### [YOUR INSTRUCTIONS]
Retype all entries exactly, skipping pictures.
/---
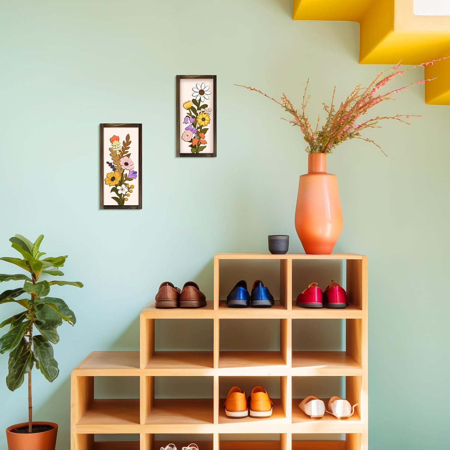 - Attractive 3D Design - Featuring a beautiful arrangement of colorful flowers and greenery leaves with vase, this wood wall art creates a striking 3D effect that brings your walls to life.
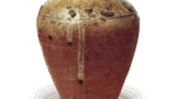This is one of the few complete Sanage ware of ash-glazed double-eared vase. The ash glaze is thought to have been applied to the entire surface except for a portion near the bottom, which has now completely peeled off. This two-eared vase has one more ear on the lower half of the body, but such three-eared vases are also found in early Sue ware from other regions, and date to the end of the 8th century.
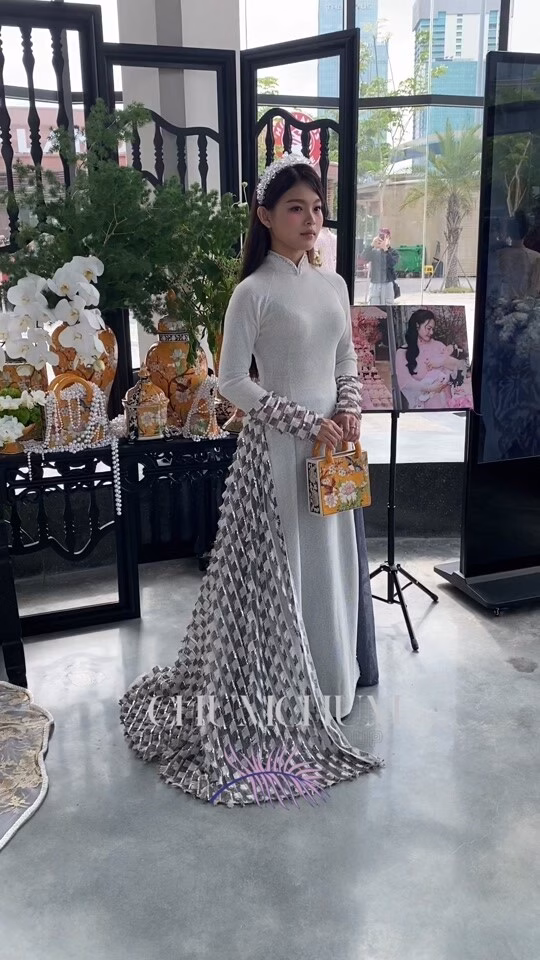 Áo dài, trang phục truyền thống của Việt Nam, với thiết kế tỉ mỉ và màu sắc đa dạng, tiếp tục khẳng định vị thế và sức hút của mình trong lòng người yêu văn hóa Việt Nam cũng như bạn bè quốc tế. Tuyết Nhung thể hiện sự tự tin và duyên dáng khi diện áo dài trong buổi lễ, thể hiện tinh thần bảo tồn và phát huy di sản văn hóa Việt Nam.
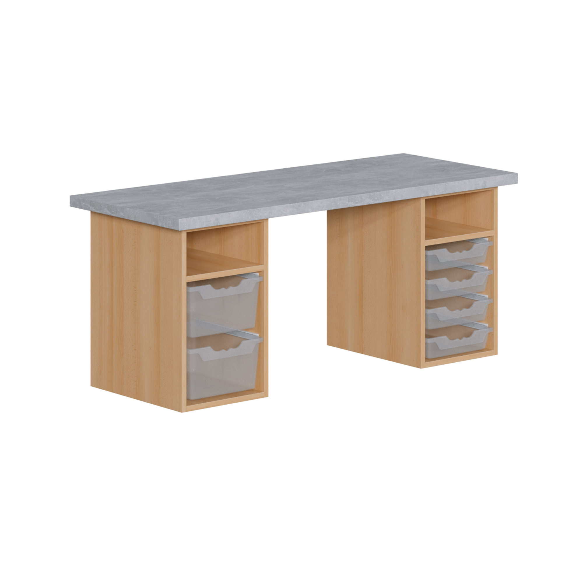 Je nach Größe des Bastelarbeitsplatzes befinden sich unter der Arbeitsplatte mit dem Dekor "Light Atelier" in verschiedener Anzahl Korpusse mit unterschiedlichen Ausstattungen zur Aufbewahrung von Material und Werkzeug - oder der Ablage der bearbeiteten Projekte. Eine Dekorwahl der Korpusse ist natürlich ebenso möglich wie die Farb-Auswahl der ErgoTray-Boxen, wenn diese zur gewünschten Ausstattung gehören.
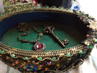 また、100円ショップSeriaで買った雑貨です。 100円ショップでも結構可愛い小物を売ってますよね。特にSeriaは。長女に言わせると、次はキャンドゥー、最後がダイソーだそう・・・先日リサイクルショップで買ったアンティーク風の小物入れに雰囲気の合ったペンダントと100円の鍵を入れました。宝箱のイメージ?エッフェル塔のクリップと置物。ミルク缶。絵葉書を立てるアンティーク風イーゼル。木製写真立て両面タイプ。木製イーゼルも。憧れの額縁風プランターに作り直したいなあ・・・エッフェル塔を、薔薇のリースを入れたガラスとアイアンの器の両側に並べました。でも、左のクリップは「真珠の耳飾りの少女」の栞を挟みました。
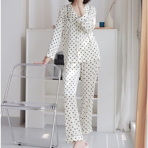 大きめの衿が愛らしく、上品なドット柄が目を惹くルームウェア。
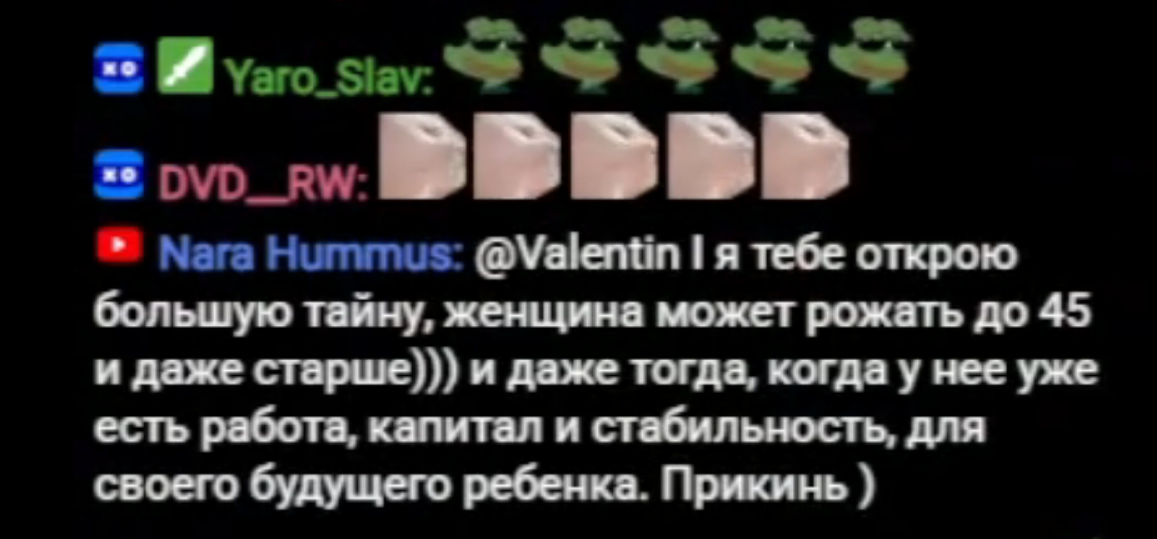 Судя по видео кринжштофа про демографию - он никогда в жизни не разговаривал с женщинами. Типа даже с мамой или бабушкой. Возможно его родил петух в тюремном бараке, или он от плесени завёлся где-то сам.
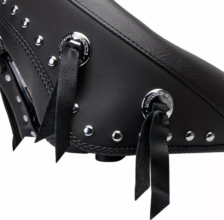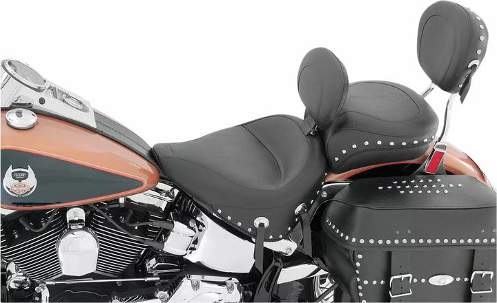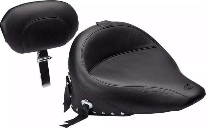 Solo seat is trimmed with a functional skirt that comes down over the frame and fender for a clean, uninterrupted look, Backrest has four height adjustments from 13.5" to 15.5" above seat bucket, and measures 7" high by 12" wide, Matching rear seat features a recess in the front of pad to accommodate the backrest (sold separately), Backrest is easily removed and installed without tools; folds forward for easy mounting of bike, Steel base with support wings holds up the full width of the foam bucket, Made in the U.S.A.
\---
### [SOLVED EXERCISE]
 - Attractive 3D Design - Featuring a beautiful arrangement of colorful flowers and greenery leaves with vase, this wood wall art creates a striking 3D effect that brings your walls to life.
This is one of the few complete Sanage ware of ash-glazed double-eared vase. The ash glaze is thought to have been applied to the entire surface except for a portion near the bottom, which has now completely peeled off. This two-eared vase has one more ear on the lower half of the body, but such three-eared vases are also found in early Sue ware from other regions, and date to the end of the 8th century.
 Áo dài, trang phục truyền thống của Việt Nam, với thiết kế tỉ mỉ và màu sắc đa dạng, tiếp tục khẳng định vị thế và sức hút của mình trong lòng người yêu văn hóa Việt Nam cũng như bạn bè quốc tế. Tuyết Nhung thể hiện sự tự tin và duyên dáng khi diện áo dài trong buổi lễ, thể hiện tinh thần bảo tồn và phát huy di sản văn hóa Việt Nam.
 Je nach Größe des Bastelarbeitsplatzes befinden sich unter der Arbeitsplatte mit dem Dekor "Light Atelier" in verschiedener Anzahl Korpusse mit unterschiedlichen Ausstattungen zur Aufbewahrung von Material und Werkzeug - oder der Ablage der bearbeiteten Projekte. Eine Dekorwahl der Korpusse ist natürlich ebenso möglich wie die Farb-Auswahl der ErgoTray-Boxen, wenn diese zur gewünschten Ausstattung gehören.
 また、100円ショップSeriaで買った雑貨です。 100円ショップでも結構可愛い小物を売ってますよね。特にSeriaは。長女に言わせると、次はキャンドゥー、最後がダイソーだそう・・・先日リサイクルショップで買ったアンティーク風の小物入れに雰囲気の合ったペンダントと100円の鍵を入れました。宝箱のイメージ?エッフェル塔のクリップと置物。ミルク缶。絵葉書を立てるアンティーク風イーゼル。木製写真立て両面タイプ。木製イーゼルも。憧れの額縁風プランターに作り直したいなあ・・・エッフェル塔を、薔薇のリースを入れたガラスとアイアンの器の両側に並べました。でも、左のクリップは「真珠の耳飾りの少女」の栞を挟みました。
 大きめの衿が愛らしく、上品なドット柄が目を惹くルームウェア。
 Судя по видео кринжштофа про демографию - он никогда в жизни не разговаривал с женщинами. Типа даже с мамой или бабушкой. Возможно его родил петух в тюремном бараке, или он от плесени завёлся где-то сам.
 Solo seat is trimmed with a functional skirt that comes down over the frame and fender for a clean, uninterrupted look, Backrest has four height adjustments from 13.5" to 15.5" above seat bucket, and measures 7" high by 12" wide, Matching rear seat features a recess in the front of pad to accommodate the backrest (sold separately), Backrest is easily removed and installed without tools; folds forward for easy mounting of bike, Steel base with support wings holds up the full width of the foam bucket, Made in the U.S.A.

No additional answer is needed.